## DATA EXTRACT
>>>>

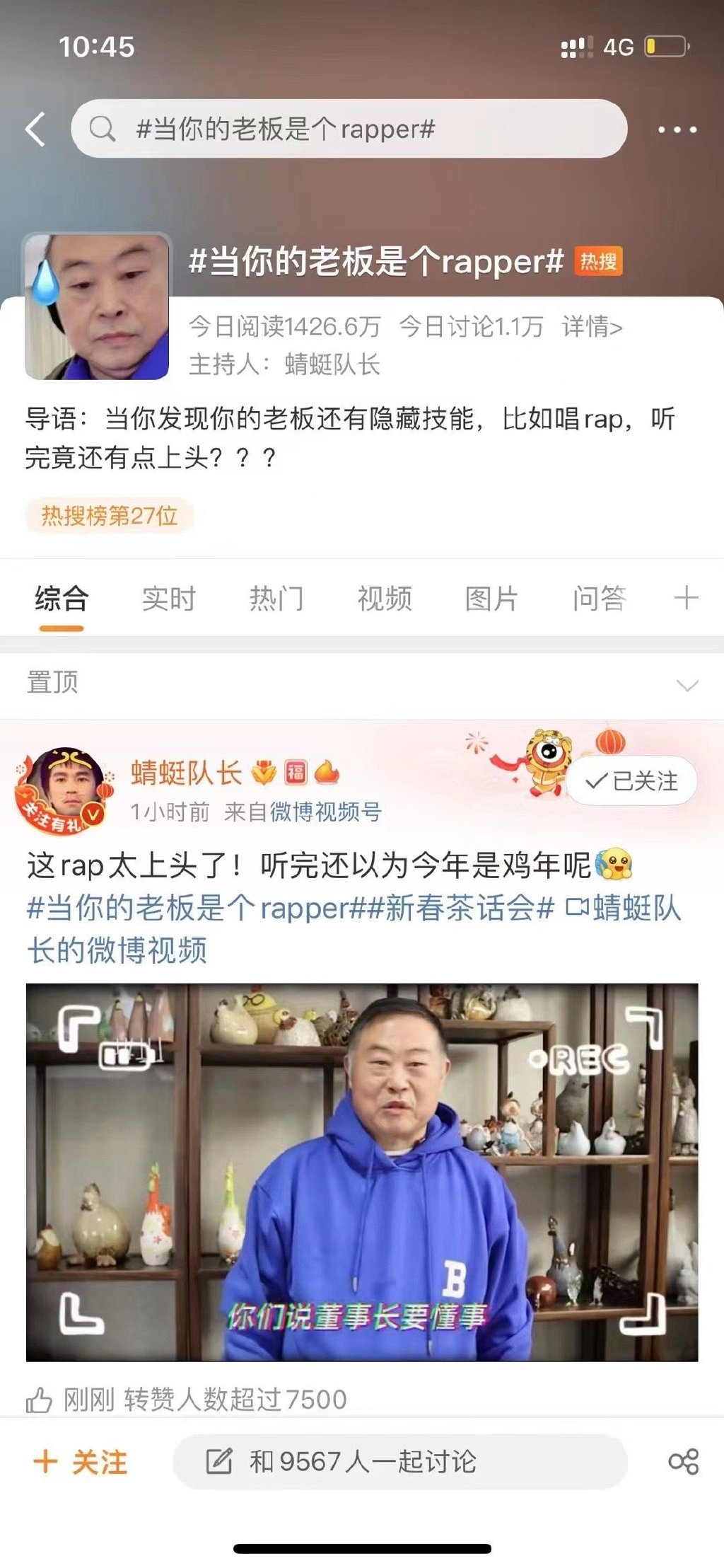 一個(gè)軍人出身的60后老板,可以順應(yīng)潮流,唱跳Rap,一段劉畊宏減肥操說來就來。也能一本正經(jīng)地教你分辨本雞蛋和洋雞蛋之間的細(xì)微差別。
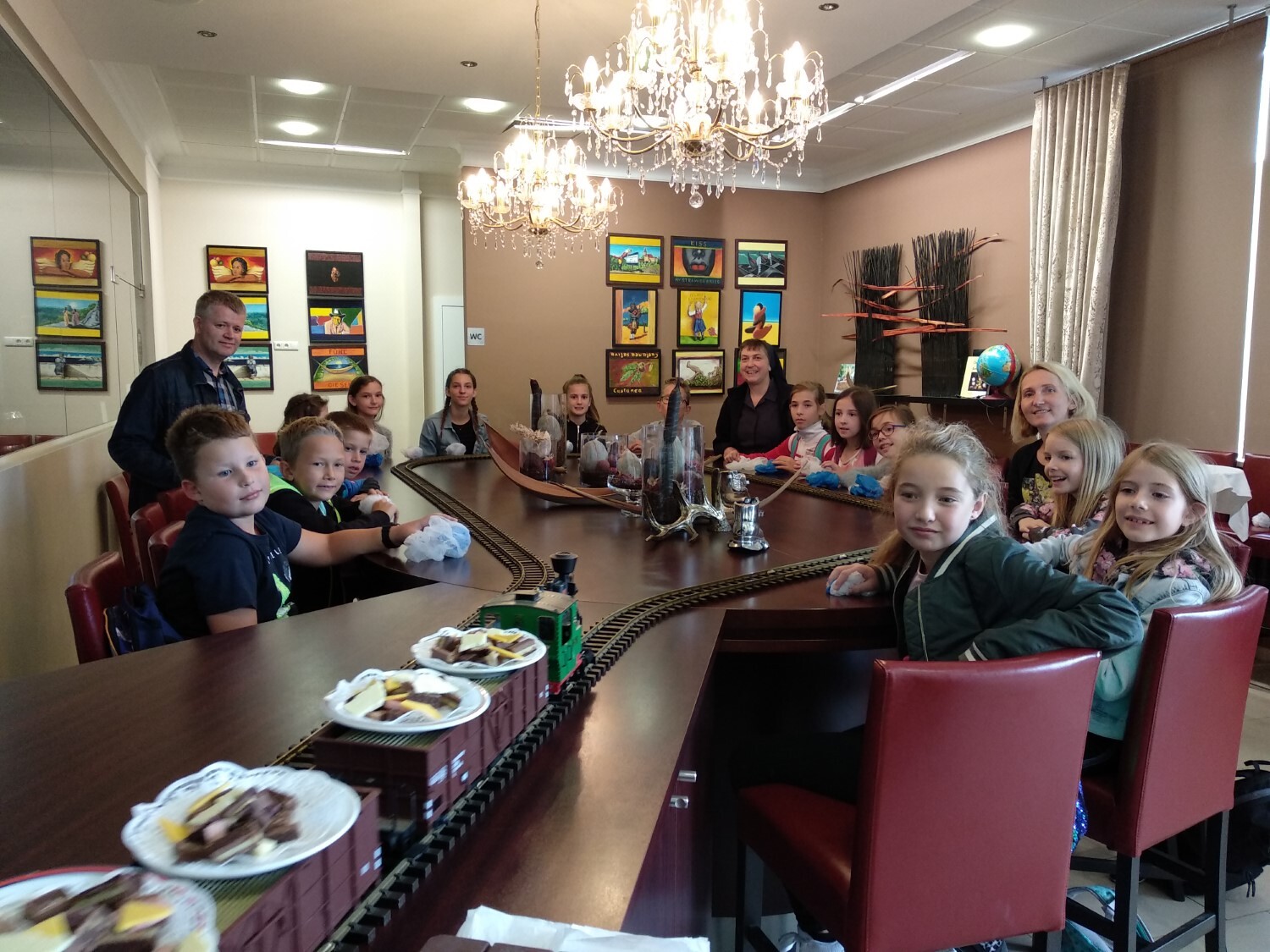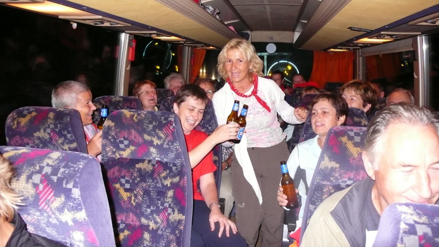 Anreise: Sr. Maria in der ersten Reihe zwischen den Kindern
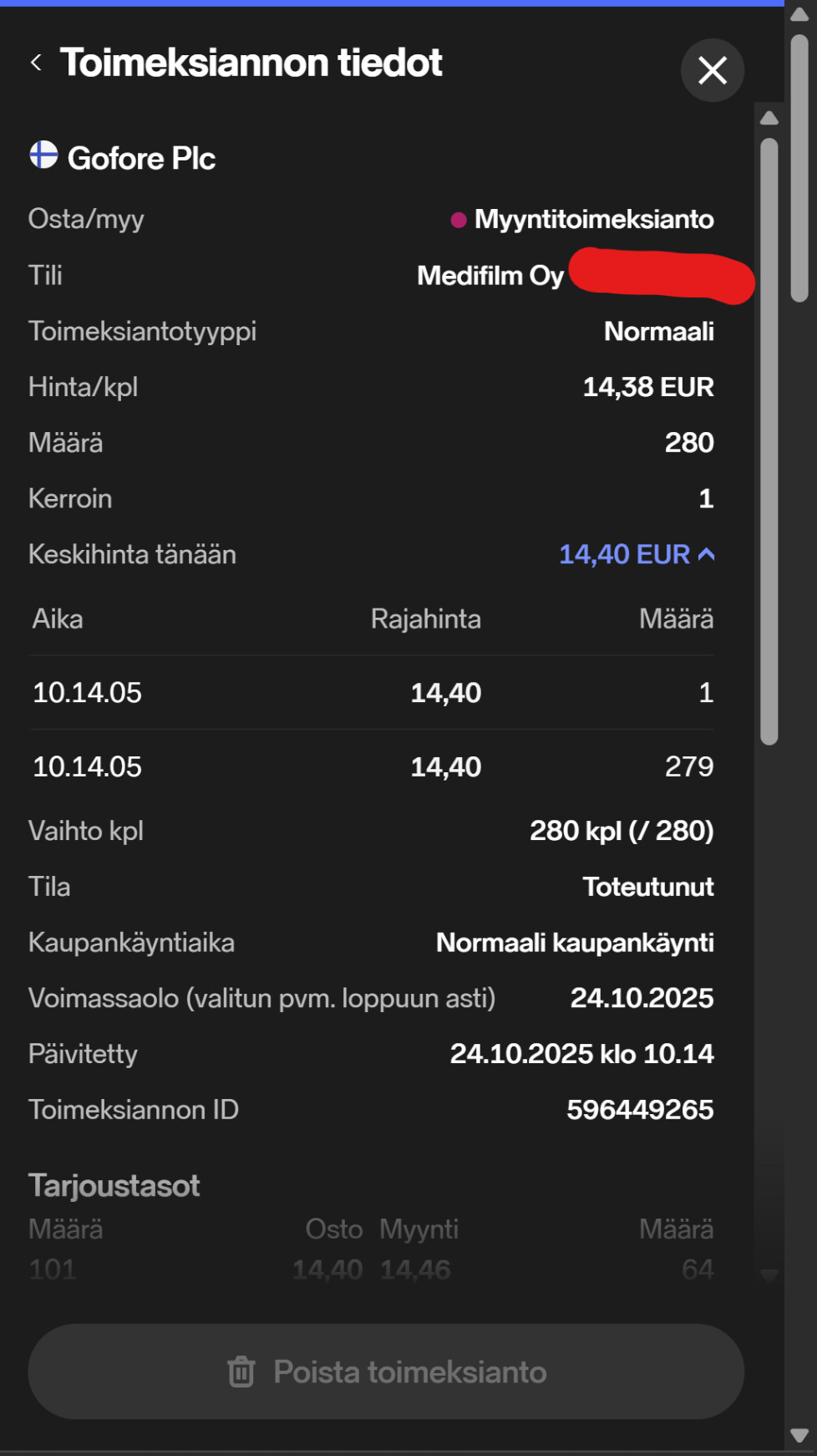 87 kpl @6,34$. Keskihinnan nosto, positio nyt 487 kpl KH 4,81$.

<<<<

The expected answer is the listing above, duplicated exactly, with its pictures removed.

 一個(gè)軍人出身的60后老板,可以順應(yīng)潮流,唱跳Rap,一段劉畊宏減肥操說來就來。也能一本正經(jīng)地教你分辨本雞蛋和洋雞蛋之間的細(xì)微差別。
 Anreise: Sr. Maria in der ersten Reihe zwischen den Kindern
 87 kpl @6,34$. Keskihinnan nosto, positio nyt 487 kpl KH 4,81$.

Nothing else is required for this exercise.